There will be a reasonable (or unreasonable) dealer doc fee. That fee is probably state regulated, but note there is a difference between state mandated and state regulated. Mandated means they MUST charge it - regulated means the state says you can't gouge the customer more than a certain amount. Our doc fee is $299, other dealers (including the ones across the street) charge $499.

Pay VERY close attention to any dealer addendum sticker. We've pretty much given up on those unless it's something serious like putting different tires on an STI. And we still put nitro in the tires and wheel locks on, and all weather mats in the cars that don't have them just as part of it.
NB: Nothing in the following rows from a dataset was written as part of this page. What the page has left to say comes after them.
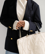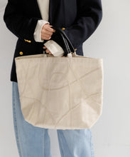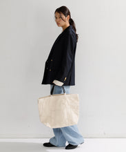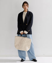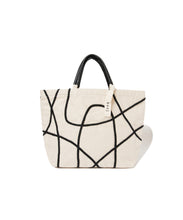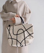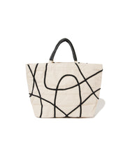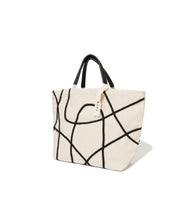 人気のライン柄のトートバッグです。マチがしっかりとしている大きめのサイズなので、普段使いからお買い物まで幅広く使える、使い勝手抜群のアイテム。普段のコーディネートに合わせやすいホワイトとブラックの2色展開です。
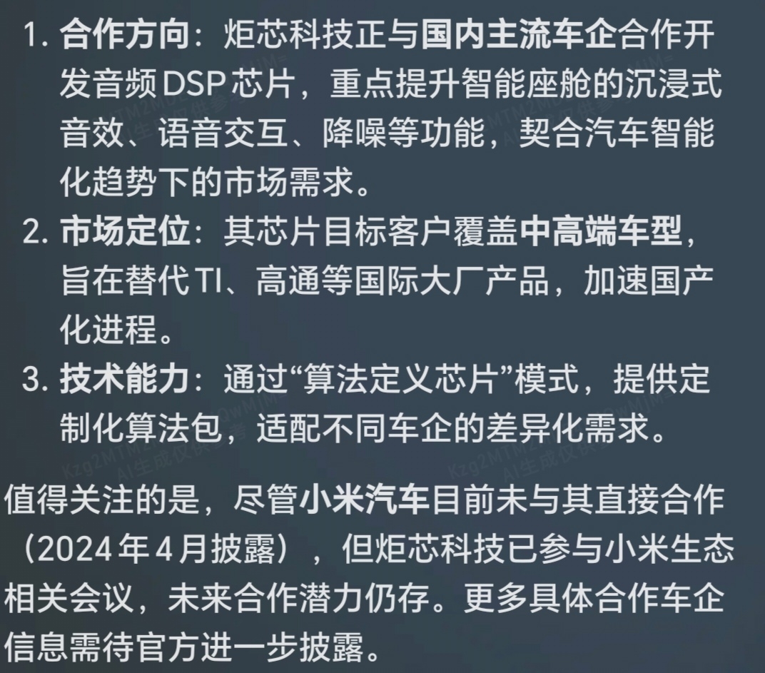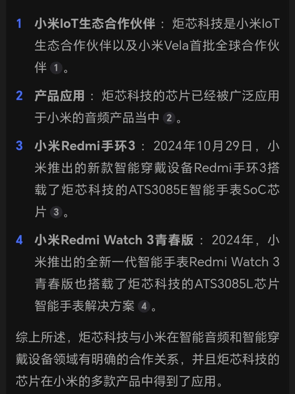小米生态合作伙伴,参与汽车,手表,音响等领域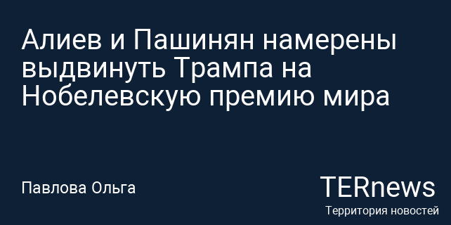 Алиев и Пашинян намерены выдвинуть Трампа на Нобелевскую премию мира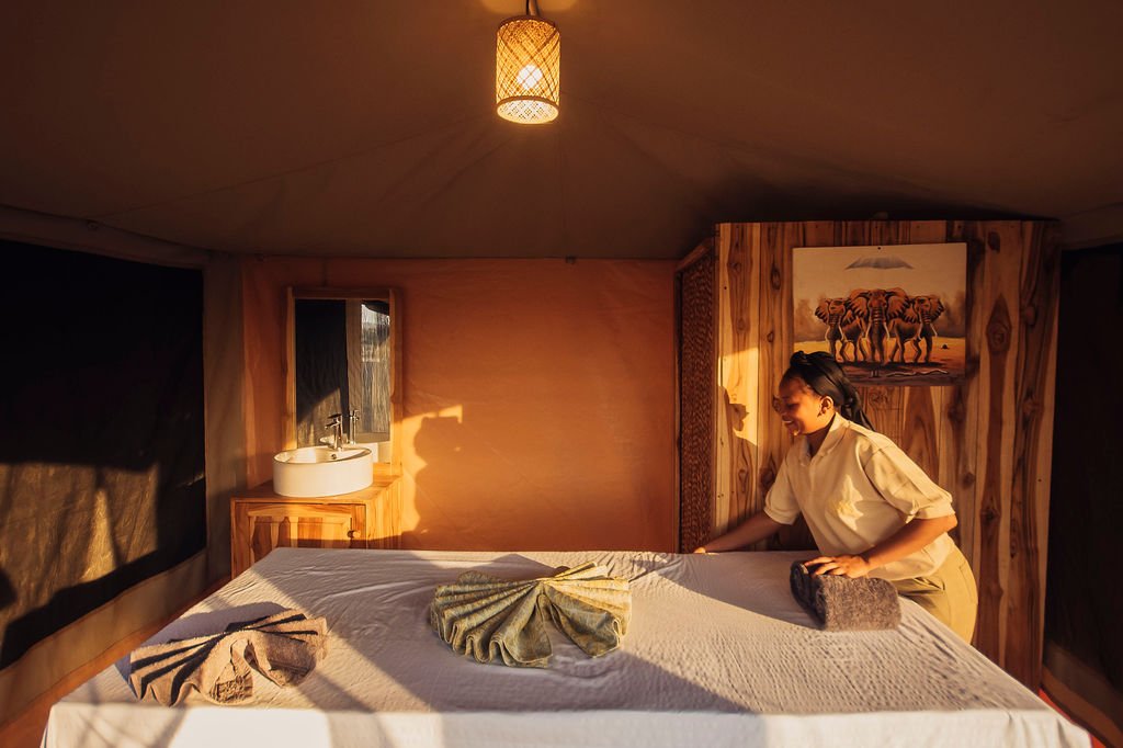 From the moment you arrive, the Serengeti surrounds you with peace and purpose. The camp blends perfectly with nature, built from canvas, wood, and gentle earth tones. Each tent offers a private veranda, soft beds, and an en-suite bathroom. Everything feels simple, elegant, and connected to the land.

But I've seen dealer trades come in with addendums in their windows of $599 for the 'Dealer Protection Package' - which is nitro in the tires, wheel locks, and all weather mats. What's fun is seeing those addendums on cars that already HAVE all weather mats on the Monroney. Tell the dealership thanks, but no thanks, and you'll be more than happy to walk if they don't get rid of that stupidity.

Also pay VERY close attention to the actual Monroney window sticker. You can't trade things out that are on there - hey, I don't want these cross bars, but I'll swap them for a retractable cargo cover. Sorry, if it's on the Monroney, the dealership HAS to give it to you. So if you look on the Monroney and it says Body Side Moldings, and the car doesn't have them - somebody is due for a big fat fine. Federal law is involved here. Also, of course, make sure the VIN on the Monroney matches the VIN on the car. Sometimes dealers will have windows tinted and remove the window sticker. That's acceptable if the Monroney then is put back on the car. But tint people make mistakes.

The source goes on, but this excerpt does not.